Matanurani, Jakarta – Nilai tukar rupiah mampu rebound dari pelemahannya terhadap dolar AS pada perdagangan pagi ini, Kamis (20/9). Berdasarkan data Bloomberg, nilai tukar rupiah di pasar spot dibuka rebound dengan apresiasi 30 poin atau 0,20% di level Rp14.845 per dolar AS.

Anggota Komite Ekonomi dan Industri Nasional (KEIN) , Benny Pasaribu mengatakan penguatan dollar AS disebabkan karena The Federal Reserves, atau bank sentral Amerika Serikat (AS) menaikkan suku bunga acuan

Hal ini berdampak pada meningkatnya arus balik dollar AS dari berbagai negara kembali masuk ke ekonomi domestik AS atau Capital Inflows, namun bagi negara lain disebut Capital Outflows.

“Sebenarnya Rupiah tidak melemah. Yang terjadi adalah dollar AS yang menguat. Penguatan dollar AS ini yang otomatis membuat nilai rupiah menurun,” kata Benny kepada matanurani di Jakarta, Kamis (20/9).
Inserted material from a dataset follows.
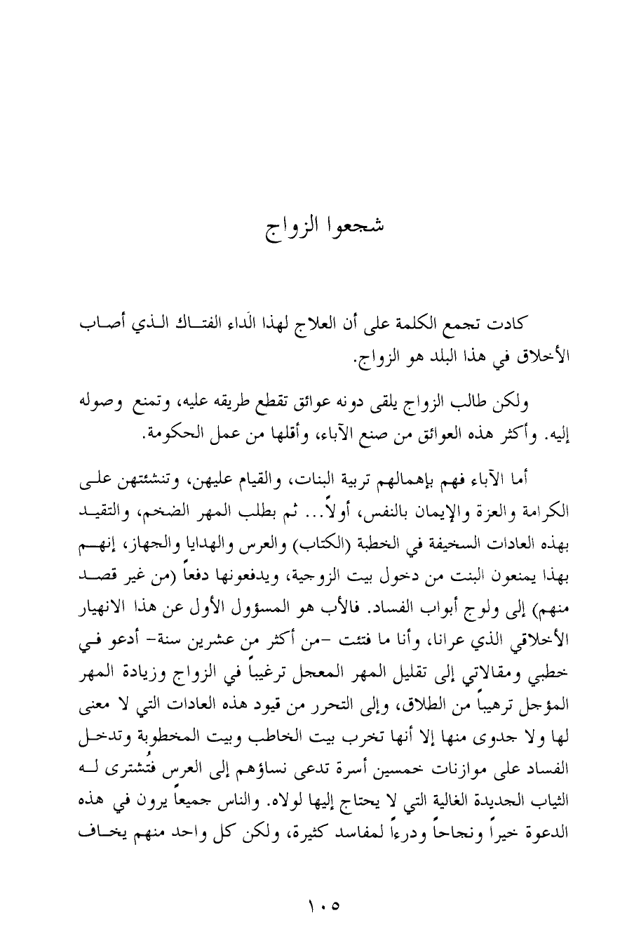 كادت تجمع الكلمة على أن العلاج لهذا الداء الفتاك الذي أصاب الأخلاف في هذا البلد هو الزواج.

Menurut Doktor Ekonomi lulusan S-3 Ottawa University, Kanada itu dampak penguatan dollar AS terhadap perekonomian tentu dirasakan bervariasi oleh dunia usaha dan warga masyarakat.

Jika bagi pengusaha eksportir sambung Benny yang juga Wakil Ketua Umum Partai Hanura ini pastilah makin riang karena bisa meraup untung makin besar. Namun bagi importir pastilah makin kesulitan. Karena dampaknya pasti ekspor makin tumbuh, produksi dalam negeri makin dihargai di pasar internasional, dan industri dalam negeri makin besar peluangnya untuk tumbuh.

“Bagi eksportir, kurs mencapai di atas Rp 15.000 lebih baik, sementara bagi importir di bawah Rp 13.000 yang lebih baik. Tapi pemerintah, menjaga keseimbangan antara kebutuhan eksportir dan importir perlu dilakukan. Stabilitas kurs jauh lebih diutamakan dari pada sekedar menguat atau melemah,” ungkap Benny yang juga Ketua Badan Anggaran dan Ketua Komisi Keuangan DPR RI periode 1999-2004 itu.

Demikian halnya bagi warga masyarakat konsumen. Kalau konsumen yang suka barang impor pastilah banyak yang ngomelin pemerintah. Tetapi bagi warga biasa yang selalu membeli produk bangsa sendiri pastilah tidak merasakan kesulitan.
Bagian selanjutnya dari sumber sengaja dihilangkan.